Ne t’enfuis plus – Harlan Coben

Éditeur : France loisirs
Nombre de pages : 490
Date de parution : 21 mars 2019
Prix : 19,90€
Acheter : France loisirs

Résumé : Un beau mariage, trois enfants, un appartement dans un luxueux quartier de New-York… Telle était la vie parfaite de Simon jusqu’à la fugue de Pagie, son aînée de 21 ans, tombée sous l’emprise d’un voyou. Si son épouse a baissé les bras, Simon cherche inlassablement sa fille. Il la retrouve à Central Park : amaigrie, sale, Paige fait la manche en chantant. Mais à l’approche de son père, la jeune fille s’enfuit en courant.
Il en faut plus pour décourager Simon de poursuivre sa quête.
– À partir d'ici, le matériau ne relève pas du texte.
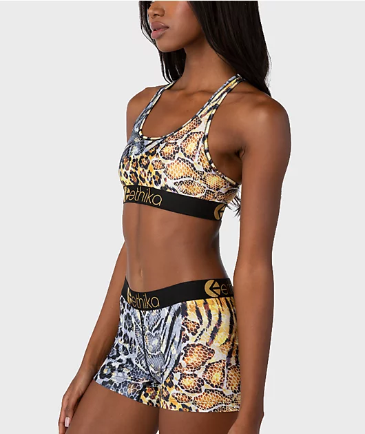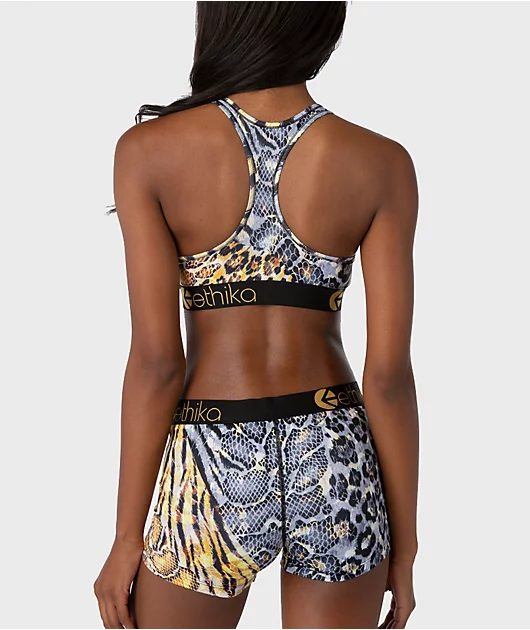 The Golden Twist sports bra from Ethika comes in a racerback silhouette straps with a thick, elastic underbust band providing plenty of coverage and support, while sporting a variety of animal-inspired prints throughout.

Il ne recule devant rien, quitte à mettre sa famille en danger. Happé dans une spirale de mensonges et de secrets, sauvera-t-il sa fille avant qu’il ne soit trop tard ?

Mon avis :

Cela fait quelques années que je n’avais pas lu de roman d’Harlan Coben. Je trouvais que ça tournait un peu rond. Toujours le même schéma : une personne qui voit sa vie chambouler par un événement quelconque et qui fait tout pour se sortir de la panade. Mais comme justement je n’en avais pas lu depuis longtemps, j’ai voulu retenter.
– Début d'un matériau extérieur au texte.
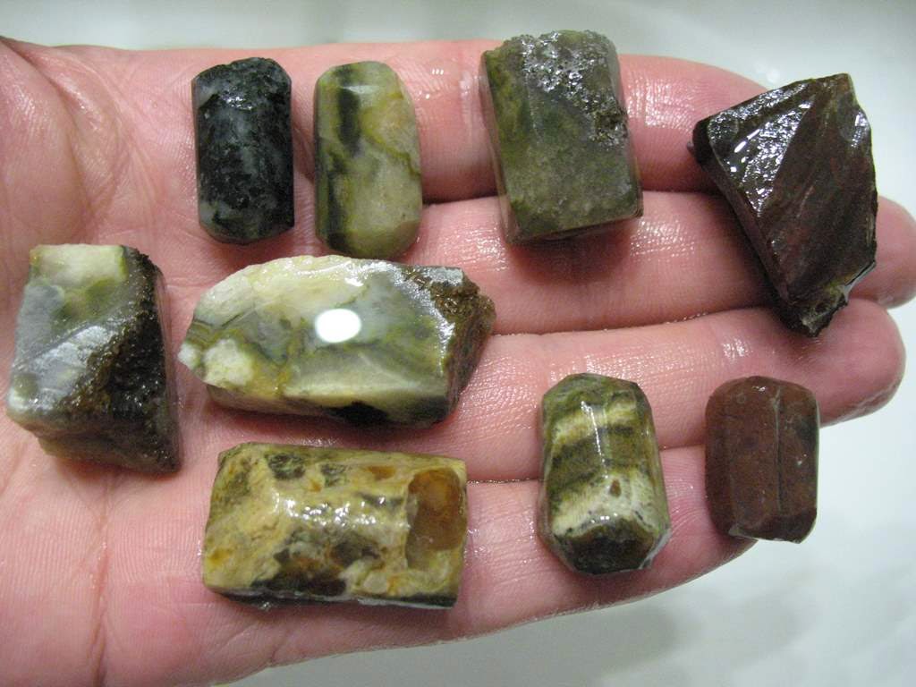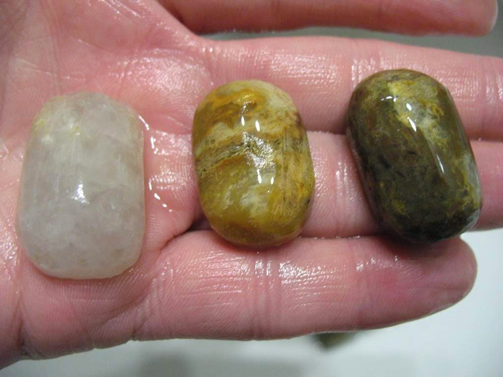 Что то естественно ушло в отход потому как не знаешь, что внутри камня. Это где нибудь на Урале пошел в шахту, набрал самоцветов красивших и засыпал их в машину по производству кабошонов. Включил и кабошоны как пельмени начинают выскакивать в подставленное ведро. В Подмосковье сложнее. Нет у нас таких мест где мешками драгоценные камни можно собирать.

Simon a une vie rêvée : un travail qui lui plait et qui permet à sa famille de bien vivre, une femme superbe et adorable et des enfants aimants. Mais ce tableau cache par contre une blessure : sa fille aînée se drogue et a fuit le foyer familial. C’est en voulant la retrouver que Simon voit sa vie basculer.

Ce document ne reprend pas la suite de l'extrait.